= List of Devon County Cricket Club grounds =

Devon County Cricket Club was established on 26 November 1899. It has since played minor counties cricket from 1901 and played List A cricket from 1969 to 2005, using a different number of home grounds during that time.
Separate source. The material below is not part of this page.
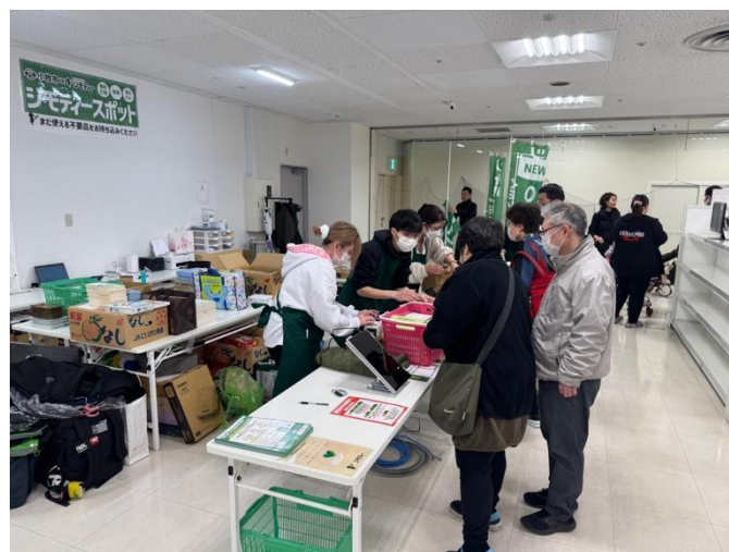
たくさんの不要品が持ち込まれる様子

店舗開設から1ヶ月で7,749品の不要品が持ち込まれ（注2）、2025年2月16日時点で4,675品が既にリユースされています。ごみの減量効果は、約9,300kgと試算しております。期間中、最も多く持ち込まれたのは、食器・生活雑貨類で全体の約42%、次いで衣類が全体の約17%でした。これまでごみとして廃棄されていたような古い家具や家電製品などであっても、ジモティーの集客力を活かし、回収後すぐにサイト上でリユース品の情報を掲載することで、多くの方にリユース品（4,675品）を提供することができました。

Their first home minor counties fixture in 1901 was against Wiltshire at Gras Lawn, Exeter, while their first home List A match came 77 years later against Staffordshire in the 1978 Gillette Cup at the Recreation Ground, Torquay.

The twenty grounds that Devon have used for home matches since 1901 are listed below, with statistics complete through to the end of the 2014 season.

==Grounds==
===List A===
Below is a complete list of grounds used by Devon County Cricket Club when it was permitted to play List A matches. These grounds have also held Minor Counties Championship and MCCA Knockout Trophy matches.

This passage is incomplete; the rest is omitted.